Identifying botnets with Hadoop and Cassandra - helwr
http://gigaom.com/cloud/hadoop-kills-zombies-too-is-there-anything-it-cant-solve/

======
A1kmm
A centralised system like that, however, has a very high privacy cost - one
server knows all IPs addresses that access every IP address monitored by the
system.

The article isn't clear on exactly how trust is computed, but if all that is
required is to detect the total number of connections between given IPs, it is
possible that a peer-to-peer algorithm where only limited information is
shared with neighbours about IPs that are specifically queried.

If the aim is to obtain a list of IPs that at least m peers out of n have been
contacted by (only counting the last k incoming connections, per peer),
without disclosing the entire list to any party, that could be done having
each peer broadcast the number connections per /8 to all peers.
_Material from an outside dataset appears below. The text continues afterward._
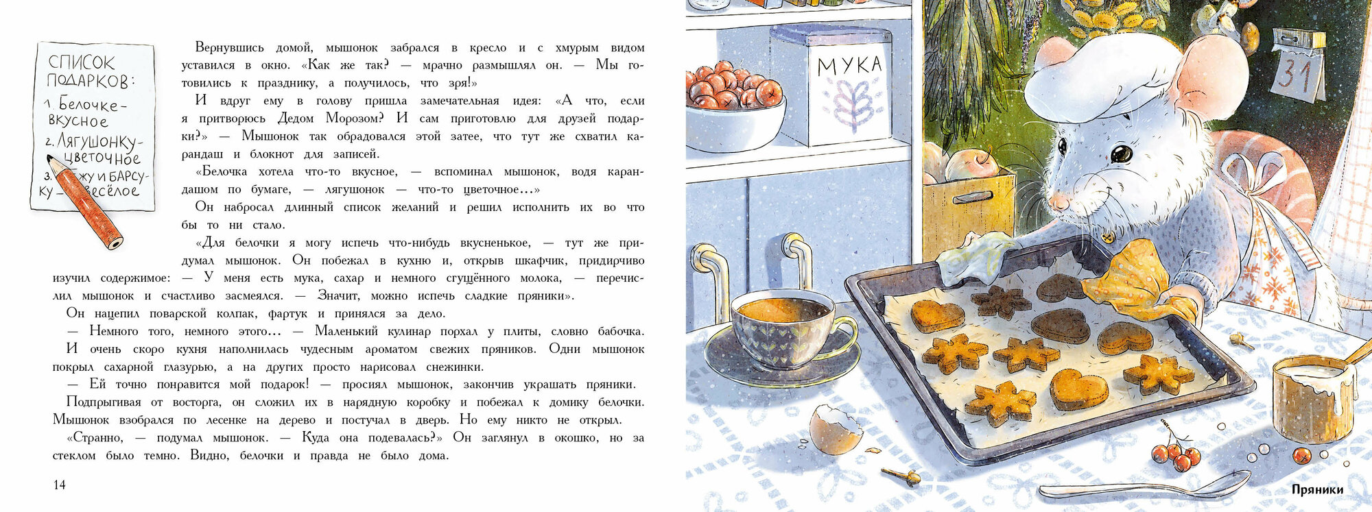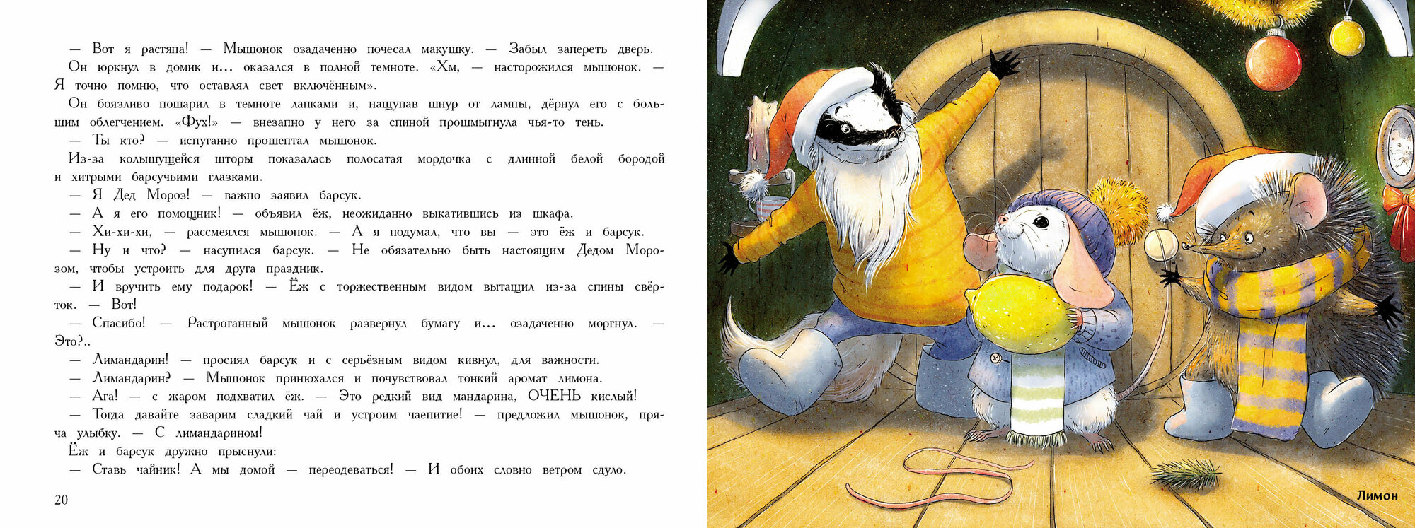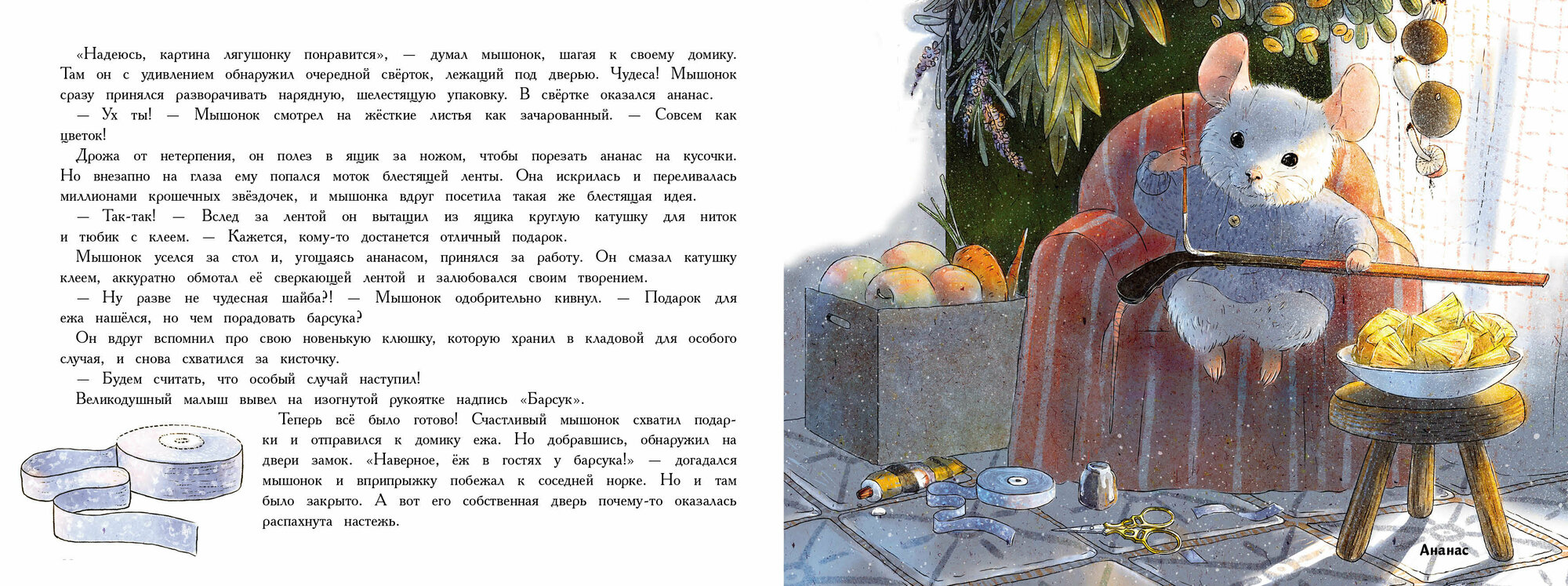 Одна из лучших книг для подарка на Новый год,когда ждешь волшебства.Качество печати на высоте,атмосферные иллюстрации,чудесная история о милом мышонке и огромный жирный плюс - ароматы того о чем читаешь в книге,полнее погружения в книгу уже по моему не бывает! Купили книгу и были в приятном культурном шоке.

Each peer
checks the total is less than k for each peer, and also records the number
from each peer for each /8. Any /8s which have seen a total of less than m
connections are rejected, and the counts for each /9 in the remaining /8s are
broadcast (and must add to the right number reported previously for the /8 for
the peer, and be less than the number of IPs in the range). This system means
that at least (m-1) peers need to collude to find out if someone has been
contacted by an IP address in a range that rarely contacts people - if some
mechanism stopped (m-1) of the peers from being controlled by the same person,
this system could work.